My reasoning is more along these lines:
1.) The devil never does anything that is good for people.
2.) Water is a good thing, a provision of God.
Therefore, the devil doesn't, or possibly isn't even able to provide pure water.
(I'm not very good at reducing my thinking into a sort of scientific reasoning process.)
There seems to be another assumption or question in the statements you make in what I've labeled as #5:
That what you call "water witching" is not always accurate. I do not know if it is, or isn't. I've seen it be consistently accurate in every case where I personally observed a water search being done on-site, with sticks or wire. (I specifically say "on-site" because at some point, someone will bing up doing something over a map. I had never heard of that at all until someone here on this forum made that claim. So I have certainly never seen that done, and I do not think it would ever work, either.) But since it doesn't work for me - never has - I cannot evaluate what sort of influences might cause a "false reading".

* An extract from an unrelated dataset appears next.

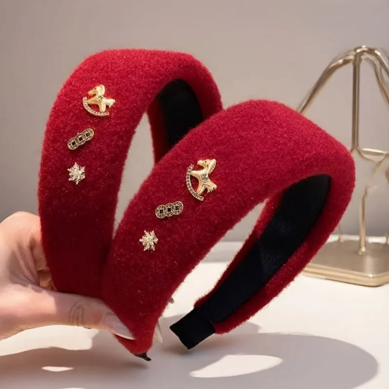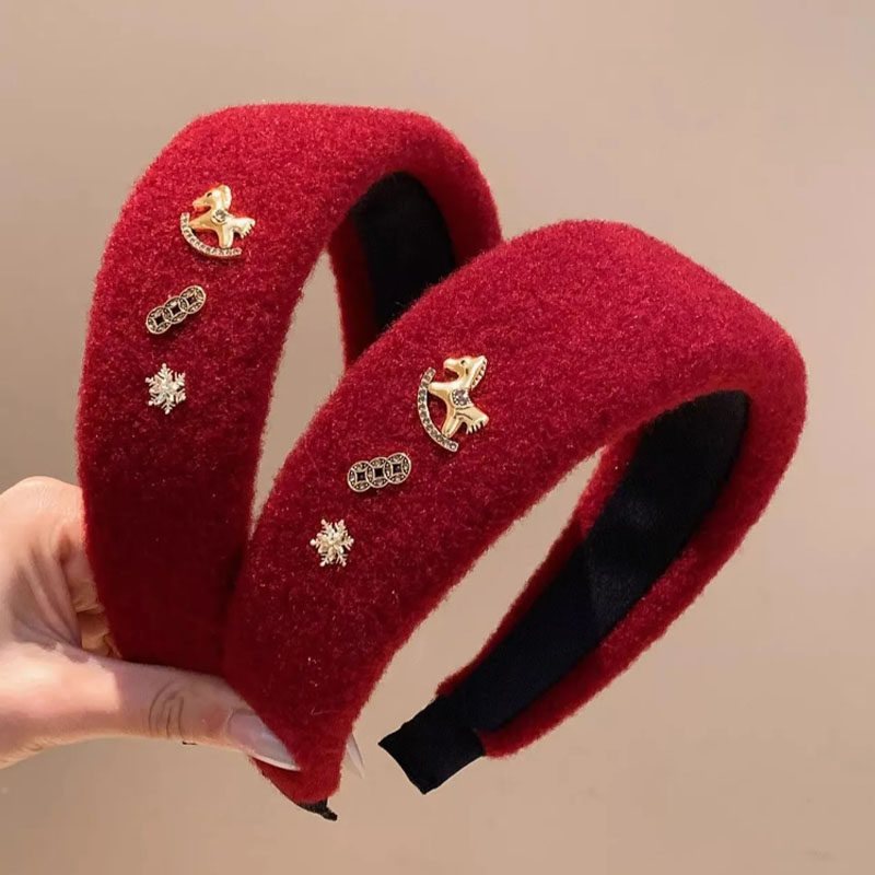 新年红色小马毛呢宽边发箍女高级气质头饰高颅顶洗脸压发头箍发饰

I have read studies that report a similar rate of error as that of trained geologists who are only allowed to observe the lay of the land, no test holes etc. (Speaking of drilling test holes, we did that in the village before doing the actual drilling. We pumped water down a 3/4" pipe, and just kept jabbing it into the earth until the water suddenly stopped coming back up out of the hole around the pipe. We were at 25 meters down. Couldn't understand what was happening, so kept messing with it until the pipe got trapped in the hole. Never could get it back out. The well driller who taught us how to hand drill the well said that what was happening was that we had hit a strata that was so porous that it was able absorb all of the water we were pumping down.) The conclusion of those studies was that the experienced person was able to trick himself into thinking that the wire or branches were telling him where water could found, when he was actually subconsciously just evaluating the area based on his past experience.)
So I don't think you can have it both ways. If it's the devil doing it, why would it sometimes fail? It seems to me that this would not only cause a loss of trust in the process by the party asking for the well location to be identified, but also cause the practitioner to have doubts. That is, if Satan knows where reliable underground water sources are located, why would he sometimes fail to accurately show the correct spot? Isn't that counter productive for a deceiver? (I am not even convinced that the devil knows where the good water sources are. But more than that, the Satan is a destroyer, and I cannot find a single place in Scripture where he did anything good for anyone.)
Congregation: Gospel Haven Mennonite Fellowship, Benton, Ohio (Holmes Co.) a split from Beachy-Amish Mennonite.
Personal heritage & general theological viewpoint: conservative Mennonite Brethren.